__SOURCE INFORMATION__
───

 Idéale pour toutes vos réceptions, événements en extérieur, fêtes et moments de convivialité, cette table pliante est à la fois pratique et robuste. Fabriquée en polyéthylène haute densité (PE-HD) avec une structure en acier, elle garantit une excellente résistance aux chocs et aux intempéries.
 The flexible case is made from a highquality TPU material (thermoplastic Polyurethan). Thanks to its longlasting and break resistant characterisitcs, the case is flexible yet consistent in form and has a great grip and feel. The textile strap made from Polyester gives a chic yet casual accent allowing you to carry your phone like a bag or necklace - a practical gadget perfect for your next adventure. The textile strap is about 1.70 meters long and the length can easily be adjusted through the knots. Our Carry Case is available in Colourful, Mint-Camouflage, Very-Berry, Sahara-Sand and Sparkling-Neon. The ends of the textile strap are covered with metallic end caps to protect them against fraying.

───

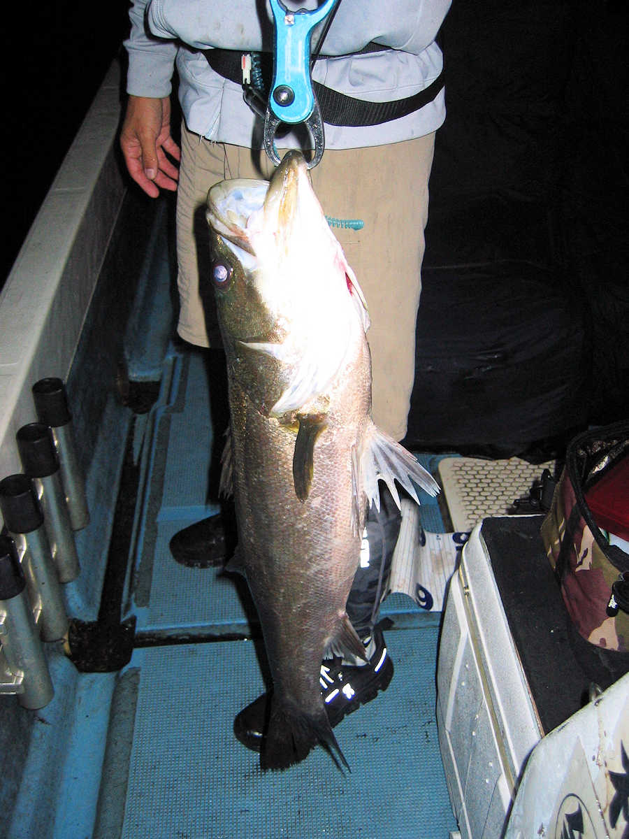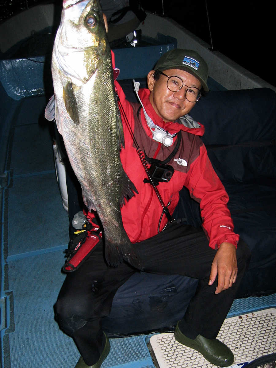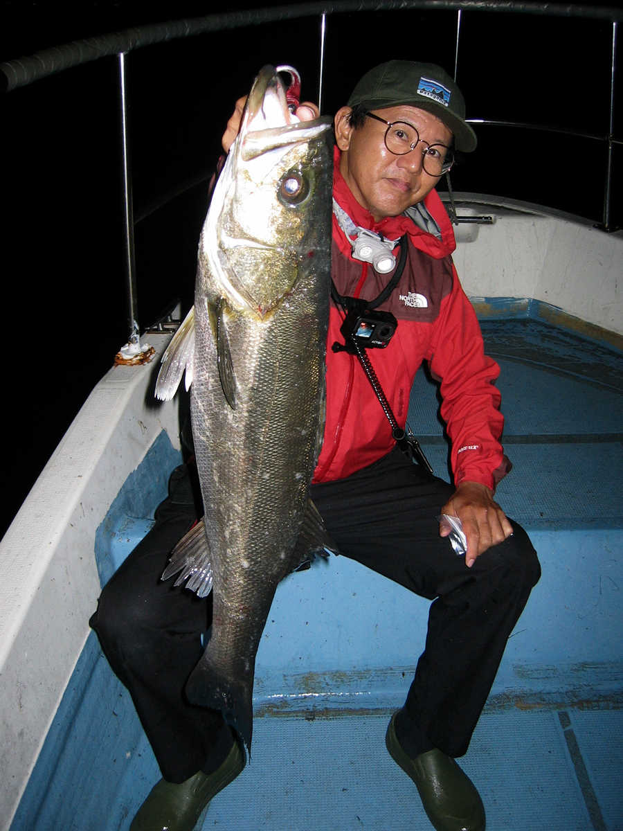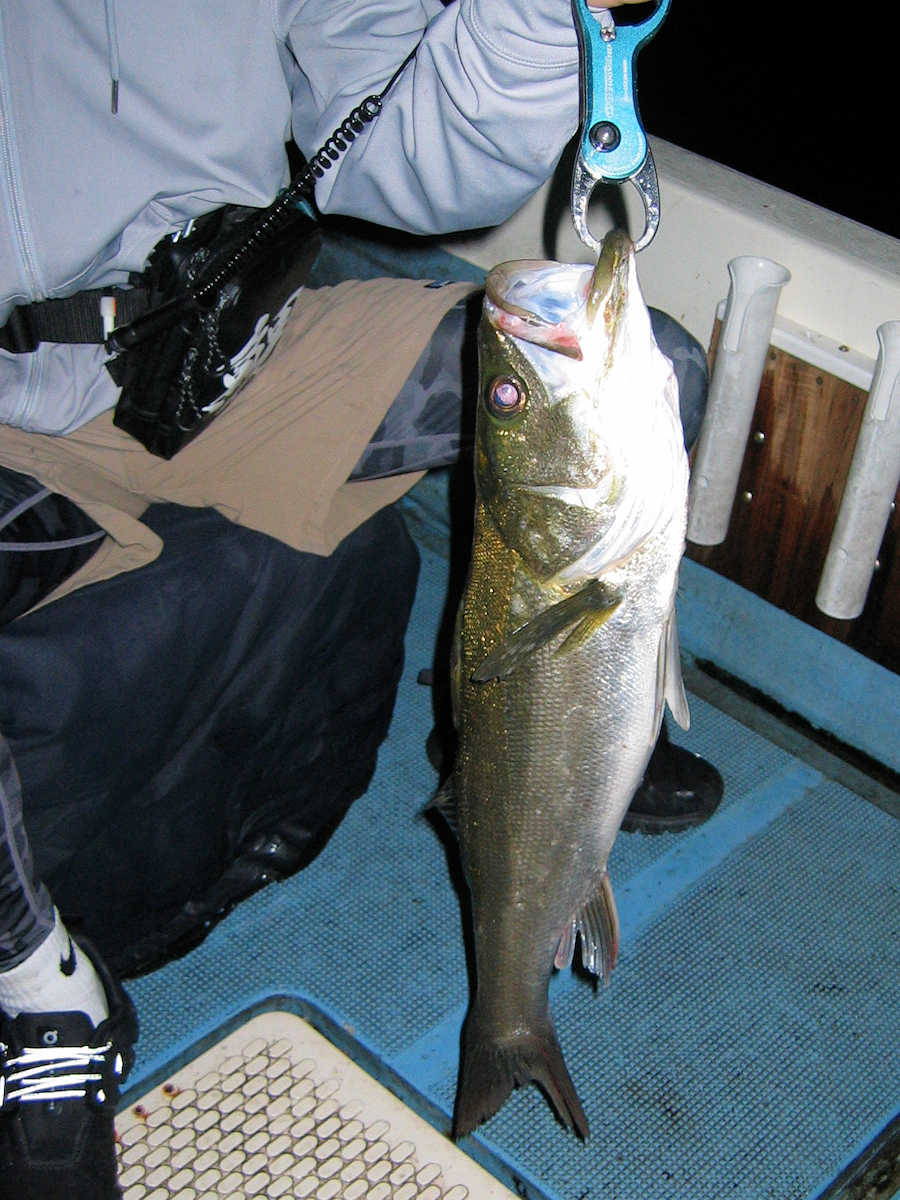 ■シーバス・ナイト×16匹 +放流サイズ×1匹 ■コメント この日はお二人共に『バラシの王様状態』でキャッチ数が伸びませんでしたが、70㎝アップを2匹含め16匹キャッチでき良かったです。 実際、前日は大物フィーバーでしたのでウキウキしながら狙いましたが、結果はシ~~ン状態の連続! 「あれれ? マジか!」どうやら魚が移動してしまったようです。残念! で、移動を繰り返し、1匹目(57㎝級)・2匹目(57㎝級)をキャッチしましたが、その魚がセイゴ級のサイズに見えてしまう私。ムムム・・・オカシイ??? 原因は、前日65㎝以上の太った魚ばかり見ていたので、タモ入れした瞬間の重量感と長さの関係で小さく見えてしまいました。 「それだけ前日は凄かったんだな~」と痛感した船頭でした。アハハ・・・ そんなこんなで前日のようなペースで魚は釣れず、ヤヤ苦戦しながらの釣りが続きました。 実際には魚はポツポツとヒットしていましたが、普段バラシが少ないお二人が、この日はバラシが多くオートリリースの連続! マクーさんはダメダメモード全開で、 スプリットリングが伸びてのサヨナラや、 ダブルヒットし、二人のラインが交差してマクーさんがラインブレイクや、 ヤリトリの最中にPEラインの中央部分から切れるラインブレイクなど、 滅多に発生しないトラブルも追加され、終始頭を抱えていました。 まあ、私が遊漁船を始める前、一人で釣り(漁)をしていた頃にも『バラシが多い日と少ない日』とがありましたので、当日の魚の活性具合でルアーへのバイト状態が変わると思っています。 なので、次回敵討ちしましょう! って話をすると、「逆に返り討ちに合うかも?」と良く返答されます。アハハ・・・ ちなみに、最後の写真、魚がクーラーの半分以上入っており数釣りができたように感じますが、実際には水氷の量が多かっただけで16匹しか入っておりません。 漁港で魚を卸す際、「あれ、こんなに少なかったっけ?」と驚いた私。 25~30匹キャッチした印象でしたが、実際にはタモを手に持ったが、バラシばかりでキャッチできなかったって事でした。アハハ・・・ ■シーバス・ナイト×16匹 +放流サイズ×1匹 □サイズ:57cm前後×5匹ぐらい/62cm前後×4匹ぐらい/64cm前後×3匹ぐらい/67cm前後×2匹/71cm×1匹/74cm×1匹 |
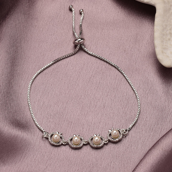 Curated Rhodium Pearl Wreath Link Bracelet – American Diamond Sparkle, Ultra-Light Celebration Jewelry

───

__AIM OF THE EXERCISE__
Starting at the line above that contains "Idéale pour toutes", repeat each line exactly up to and including the line that contains "The flexible case", and stop there.

__RESULT OF THE EXERCISE__
 Idéale pour toutes vos réceptions, événements en extérieur, fêtes et moments de convivialité, cette table pliante est à la fois pratique et robuste. Fabriquée en polyéthylène haute densité (PE-HD) avec une structure en acier, elle garantit une excellente résistance aux chocs et aux intempéries.
 The flexible case is made from a highquality TPU material (thermoplastic Polyurethan). Thanks to its longlasting and break resistant characterisitcs, the case is flexible yet consistent in form and has a great grip and feel. The textile strap made from Polyester gives a chic yet casual accent allowing you to carry your phone like a bag or necklace - a practical gadget perfect for your next adventure. The textile strap is about 1.70 meters long and the length can easily be adjusted through the knots. Our Carry Case is available in Colourful, Mint-Camouflage, Very-Berry, Sahara-Sand and Sparkling-Neon. The ends of the textile strap are covered with metallic end caps to protect them against fraying.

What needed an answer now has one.